Methods: Treatment was administered to 136 patients divided into control group (n = 68) and study group (n = 68). Serum inflammation was determined by assessing the levels of tumor necrosis factor-α (TNF-α) and interleukin-6 (IL-6) while nitric oxide (NO), endothelin-1 (ET-1), S100 and VEGF levels were determined by enzyme-linked immunosorbent assay (ELISA). Serum C-reactive protein (CRP) level was measured by immunoturbidimetry. Perfusion weighted imaging was performed and the mean transit time (MTT), cerebral blood flow (CBF), cerebral blood volume (CBV), mean flow velocity (Vm) and pulsatility index (PI) were recorded.
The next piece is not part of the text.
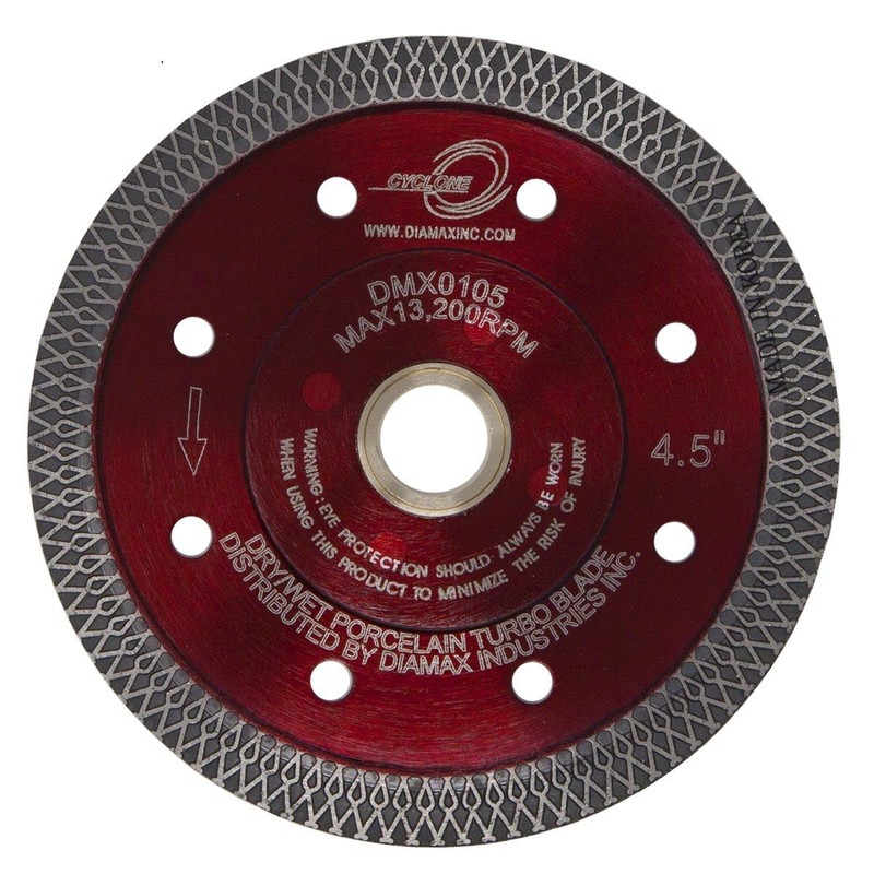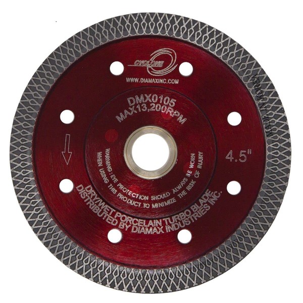 - (1) 4.5" Wet/Dry Porcelain and Tile Turbo Blade13,200 Max. RPM and Arbor 5/8" - 7/8" - 22mmThin rim for cutting porcelain without chippingCooler rim temperatures increase life and speed of your cut

Glasgow coma scale (GCS) score and Montreal cognitive assessment (MoCA) score were used to compare the differences in therapeutic effect.
Results: Compared with values before treatment, Vm, PI, NO, CBF, CBV, GCS score and MoCA score were significantly increased (p < 0.05), while ICP, serum levels of TNF-α, IL-6, CRP, ET-1, S100 and VEGF and MTT significantly decreased (p < 0.05). Therapeutic response rate of the study group (89.71 %) was higher than that of control group (66.18%) (p < 0.05).
Conclusion: Early LCD of CSF and combination of edaravone and nimodipine reduces the degree of cerebral vasospasm and contribute to brain function recovery in the treatment of patients with tSAH. This therapeutic strategy requires further clinical trials before application in clinical practice.